Functional Characterization of Thyroid Peroxidase Missense Variants Causing Thyroid Dyshormonogenesis in Asian Indian Population.

INTRODUCTION: Thyroid dyshormonogenesis (TDH) is a subgroup of congenital hypothyroidism with recessive inheritance resulting from disease-causing variants in thyroid hormone biosynthesis pathway genes, like DUOX2, TG, TPO, SLC5A5, SLC26A4, IYD, DUOXA2, and SLC26A7. Thyroid peroxidase (TPO) is a crucial enzyme involved in thyroid hormone biosynthesis and is one of the frequently mutated genes in patients with TDH. The purpose of the study was to describe the in silico and functional characterization of novel variants in TPO gene identified in patients with TDH. METHODS: We performed exome sequencing in Indian patients with TDH. In the current study, we describe the results of patients with TPO gene mutations.
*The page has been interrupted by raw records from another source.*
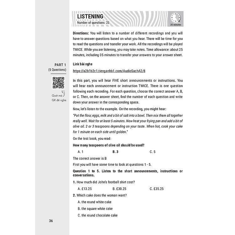- Mã QR tiện ích: Hỗ trợ học viên truy cập bài nghe và video hướng dẫn từ điện thoại.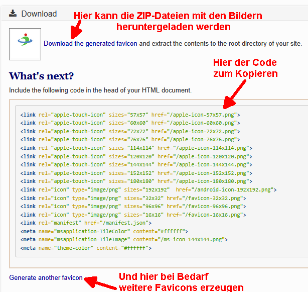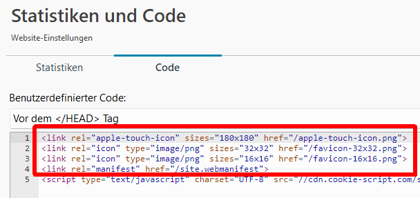 Ich habe meine Favicons mit einem kostenlosen Favicon-Generator generieren lassen und den erstellten Code in WebSite X5 unter ...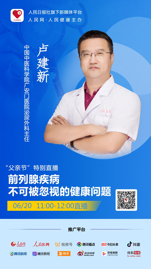 6月20日11:00-12:00,人民日?qǐng)?bào)社旗下新媒體客戶端“人民好醫(yī)生”將邀請(qǐng)中國(guó)中醫(yī)科學(xué)院廣安門(mén)醫(yī)院泌尿外科主任盧建新做客直播間,和大家分享關(guān)于前列腺健康的科普內(nèi)容,歡迎大家收看!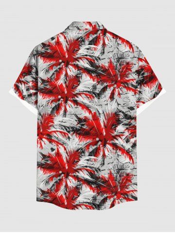 Plus Size Coconut Tree Tropical Leaf Print Buttons Pocket Hawaii Shirt For Men - Red - 4xl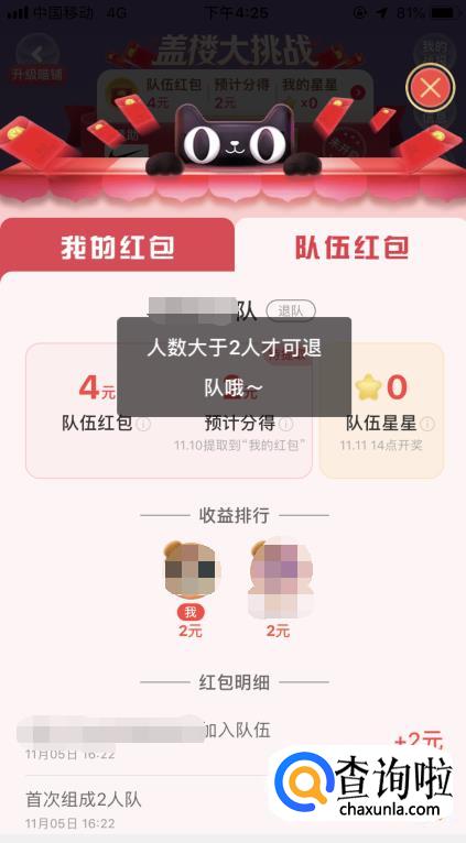 进入活动界面后,点击左下角【领组队红包】进入自己的队伍。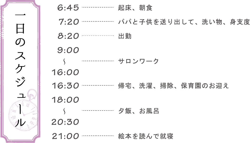 第一子出産を機にフルタイムから時短勤務へ。私が第一子を妊娠した時は、出産を機に辞めてしまうスタッフがほとんどだったので続けることへの迷いや不安もありましたが、“ママ美容師になる”背中を押してくれた長谷さん(社長)、理解協力してくれるスタッフ、支え合える家族のおかげで、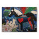 Diese Lithographie im Schwarzen, im Gelb und im Rot stellt Hunde, Pferde und Menschenzahlen in den Graffiti dar. Die Küste entlangfahrendes Pferdepolymer 1976 Roy De Forest A auf Leinwand-Oakland-Museum von Kalifornien am 9. September 2007 @juicyCiti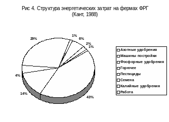 Г. Кант (1988) приводит данные о энергетических затратах на фермах ФРГ (рис. 5). Основным потребителем энергии являются производство азотных удобрений (43% от общих энергозатрат на сельскохозяйственное производство) и горючее (29 % от общих энергозатрат). Максимальную экономию энергии могли бы обеспечить: 1) биологическое связывание азота вместо химико-технического;
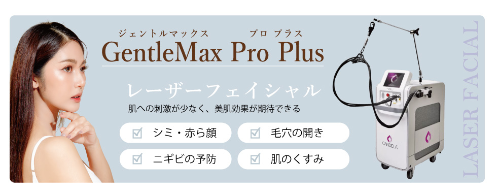 医療脱毛にも使用するレーザー機器 GentleMaxProPlus ジェントルマックスプロプラスを使った美顔治療です。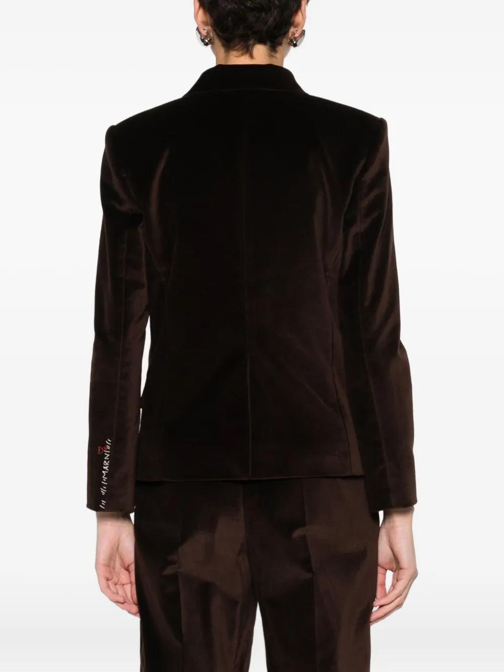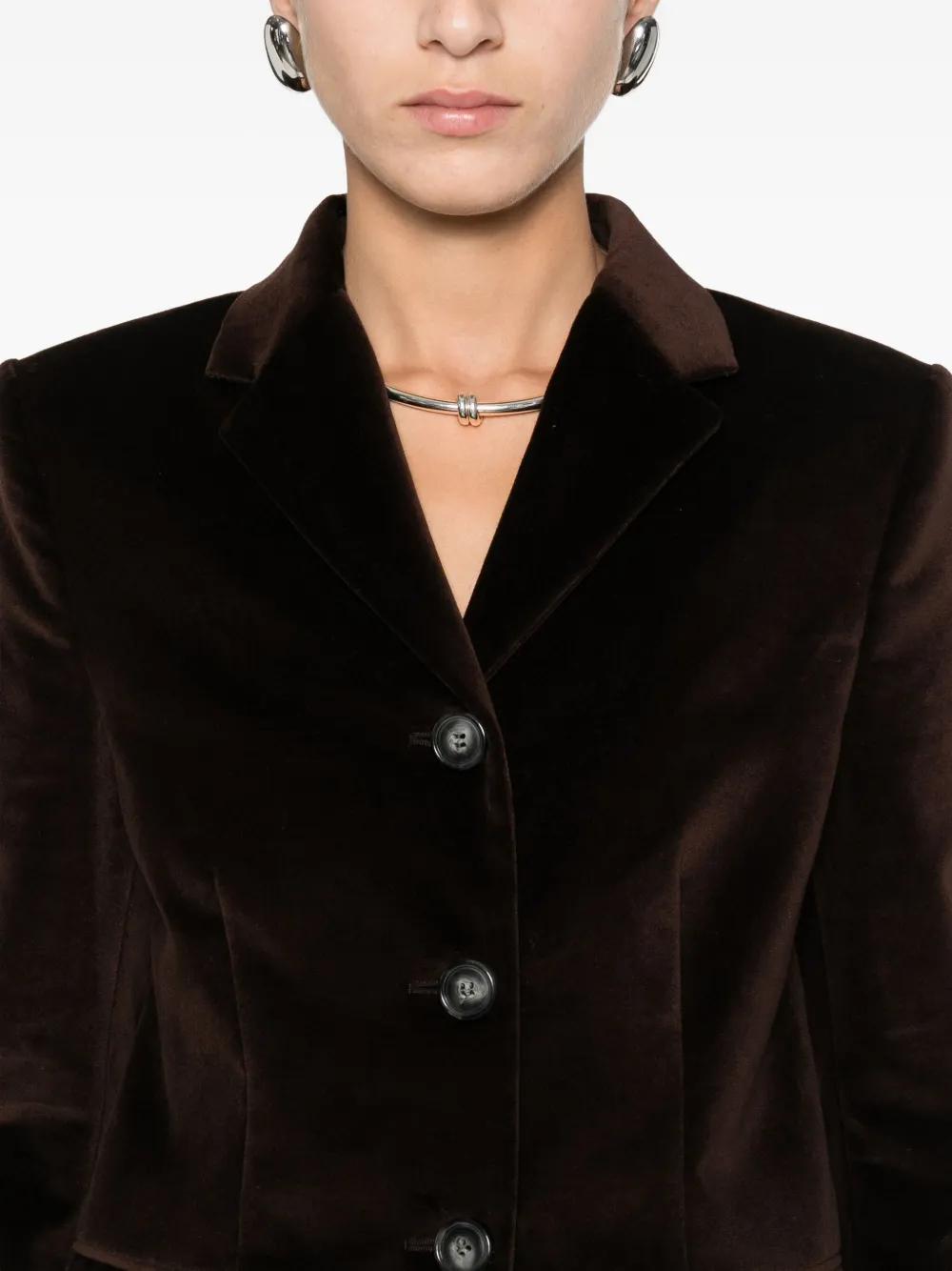 dark brown front button fastening notched lapels front flap pockets long sleeves straight hem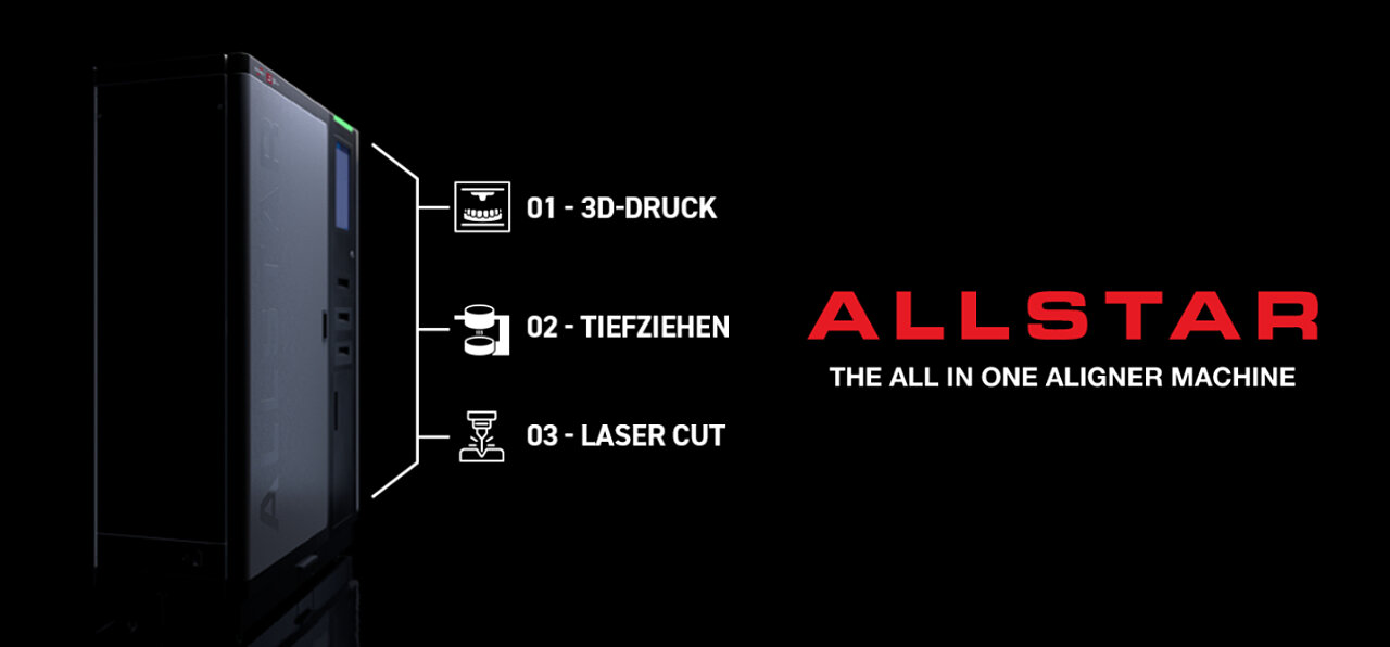 Der ALLSTAR ist eine vollautomatische Maschine zur Herstellung von Alignern und Retainern direkt im Labor oder in der Praxis – effizient, wirtschaftlich und unabhängig von Personalverfügbarkeiten.

Exome sequencing results were further analysed by Sanger sequencing, computational studies, and in vitro functional studies such as immunofluorescence and enzyme assay. RESULTS: We identified nine biallelic disease-causing variants in the TPO gene in 12 patients from nine unrelated Indian families. Eight of the nine variants were novel. No recurrent variants were identified. Computational analysis of six missense variants showed that these amino acid substitutions caused changes in non-covalent interactions with the adjacent residues that may affect the TPO protein structure and function. In vitro experimental data using immunofluorescence assay showed that these variants did not affect the plasma membrane localization of the TPO protein but caused a significant loss of TPO enzymatic activity compared to the wild type. CONCLUSION: Our study revealed multiple novel pathogenic variants in TPO gene in Indian patients, thereby expanding the genotype spectrum. Functional studies helped us to reveal the pathogenicity of the missense variants.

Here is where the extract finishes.